Compass provides DevOps teams with the ability to map all the components they use to assemble their software as well as the teams that own them. DevOps teams can access shared components and documentation along with scorecards to allow them to measure and evaluate their architecture based on the baselines, security or compliance requirements they might be required to meet. It can be extended to other applications via an integrated Apps engine using Forge, the existing Atlassian cloud development environment.
Tiffany To, head of product for Agile and DevOps at Atlassian, said Compass is designed for DevOps teams that are typically trying to manage 50 or more microservices. It is designed to be deployed alongside the Jira project management software that is widely used by software development teams to manage multiple projects.
Atlassian Analytics, meanwhile, is based on a visualization and analytics platform the company gained last year with the acquisition of Chartio. Initially, the Atlassian Data Lake will include data from Jira Software and Jira Service Management tools with support for additional Atlassian platforms planned.
Collectively, these tools are part of an ongoing Atlassian effort to make it simpler to integrate multiple DevOps teams, said To. Many of those teams prefer to maintain autonomy over the tools they select. The challenge that creates is organizations need some type of overlay through which they can collaborate and share best practices, she said.

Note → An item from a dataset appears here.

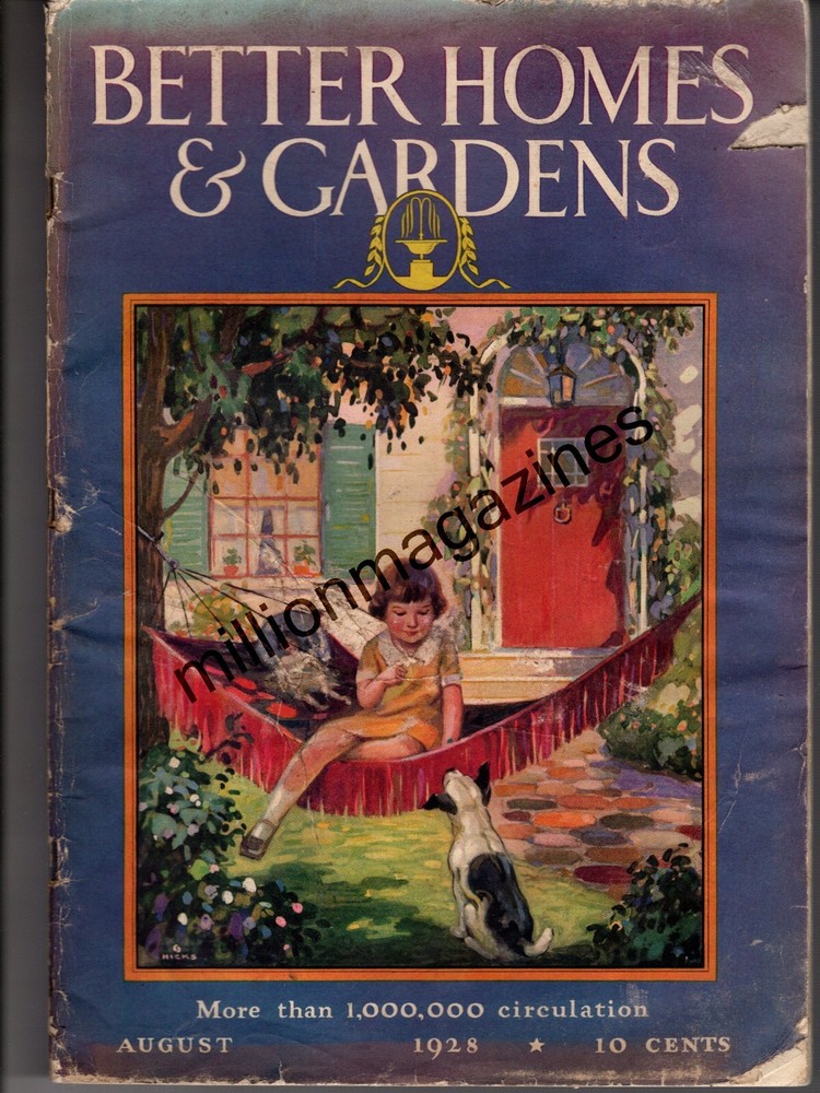Your browser does not support JavaScript. To view this page, enable JavaScript if it is disabled or upgrade your browser. Better Homes & Gardens August 1928 rare Complete issue Inside: The art of lawn making; Walt Mason in his garden; An old barn in Des Moines becomes a garden studio; Do youi point with pride to your town? What about electric refrigeration? Dress up the sleeping porch; ; Car ads. appliances, furniture and house items. Lots of features for houses of this era. If you own a house in this time period, then this is for you! Chosen Reflections/Million Magazines, Kaufman TX 75142 Over one Million Magazines in stock 1843-present. In the trade since 1976. Like, follow and communicate with us on FB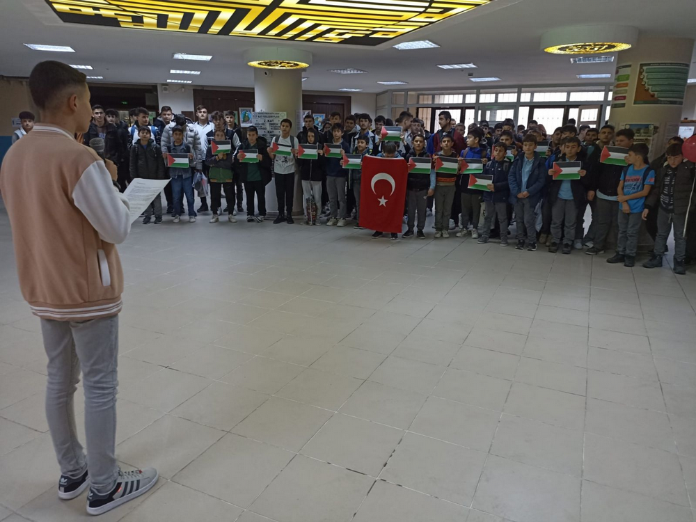 Geyve Anadolu İmam Hatip Lisesi öğrencileri, Filistin'e destek olabilmek için, FİLİSTİN BASIN AÇIKLAMASI yaptılar. Öğrenci Efe Çelik açıklamayı okudu.

A survey of 2,000 developers conducted by Atlassian found half of the respondents exercise strong autonomy over the tools they use, with more control over tool selection gained as developers become more experienced. The same survey also found that 65% of developers felt they should be responsible for more of the software product life cycle than they currently are.
It’s apparent that most organizations building software are trying to strike a balance between developer autonomy and centralized control. Developers are expensive to hire and retain, so there is a natural tendency to make available the tools they prefer. That, however, can lead to a level of tool sprawl that makes it difficult to determine the overall state of application development and deployment within an organization.
Regardless of the approach, the need to remove as much friction as possible from DevOps workflows is clear, especially as the number of simultaneous application development projects continues to multiply. The challenge and the opportunity, of course, is achieving that goal while keeping developers happy.